■ **PROBLEM TO SOLVE**
Exclude images; transcribe the rest of the data exactly.

■ **SUPPLIED MATERIAL**
● ● ● ● ● ● ●
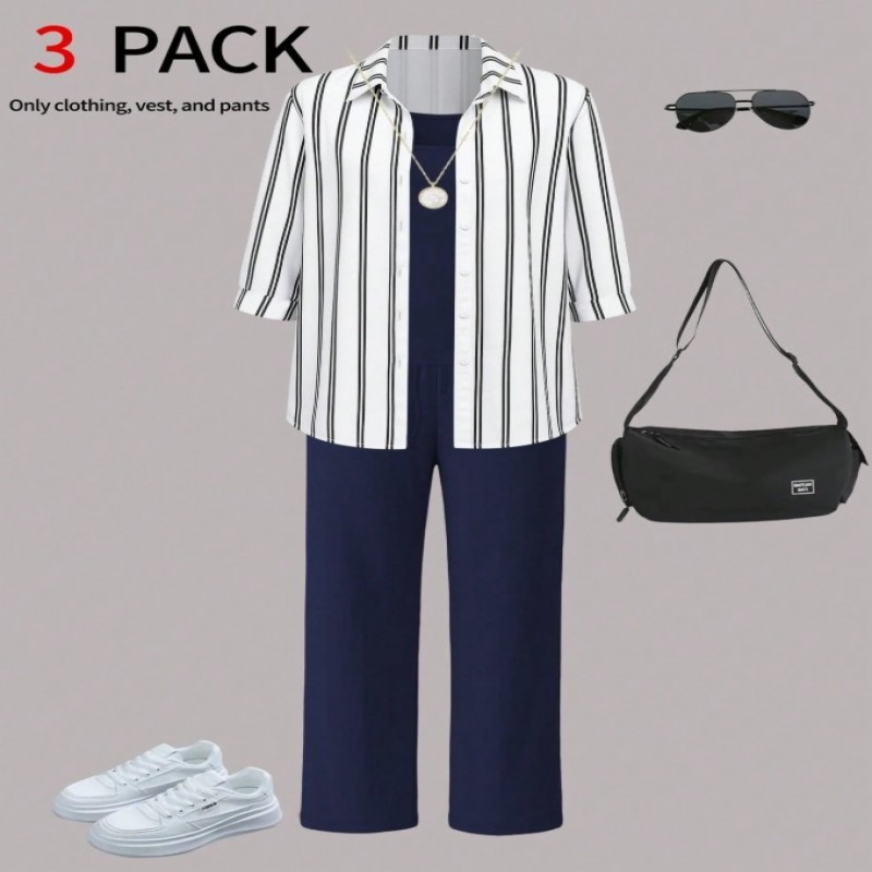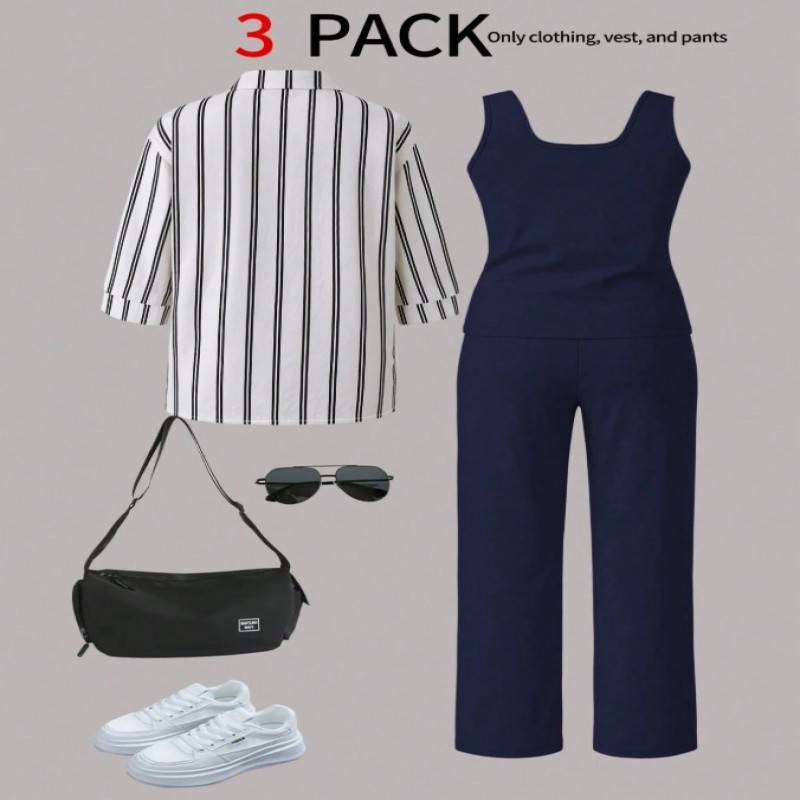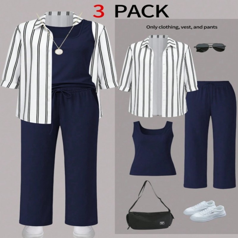 Conjunto de 3 piezas de ropa casual para mujer: chaqueta de camisa a rayas, top sin mangas de cuello cuadrado y pantalones de pierna ancha de cintura elástica, adecuado para ir al trabajo, otoño/invierno
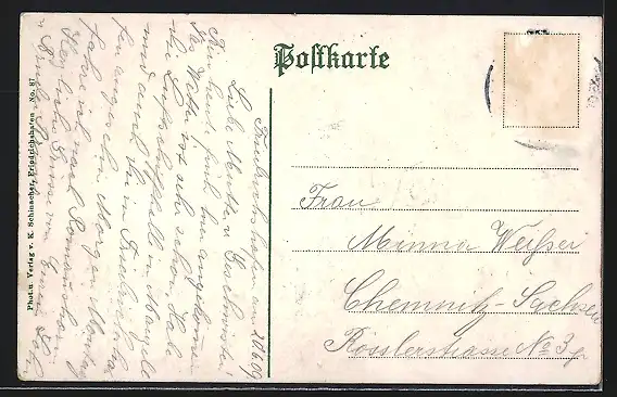 alte Ansichtskarte, gelaufen, Briefmarke entfernt, guter Zustand
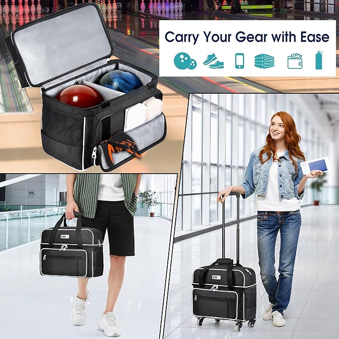 • ★ MULTIFUNCTION POCKETS : Multifunction pockets are in the front of 4-wheels 2 ball bowling bag for your phones, keys, towels.Two Side Pockets: Twins large mesh pockets are the sides of the bowling bag not only for storing your bottles. In addition, there is a separate waterproof shoe compartment at the top of the bag, which can store a pair of bowling shoes up to men size 16.
● ● ● ● ● ● ●
■ **SOLUTION TO THIS EXERCISE**
 Conjunto de 3 piezas de ropa casual para mujer: chaqueta de camisa a rayas, top sin mangas de cuello cuadrado y pantalones de pierna ancha de cintura elástica, adecuado para ir al trabajo, otoño/invierno
 alte Ansichtskarte, gelaufen, Briefmarke entfernt, guter Zustand
 • ★ MULTIFUNCTION POCKETS : Multifunction pockets are in the front of 4-wheels 2 ball bowling bag for your phones, keys, towels.Two Side Pockets: Twins large mesh pockets are the sides of the bowling bag not only for storing your bottles. In addition, there is a separate waterproof shoe compartment at the top of the bag, which can store a pair of bowling shoes up to men size 16.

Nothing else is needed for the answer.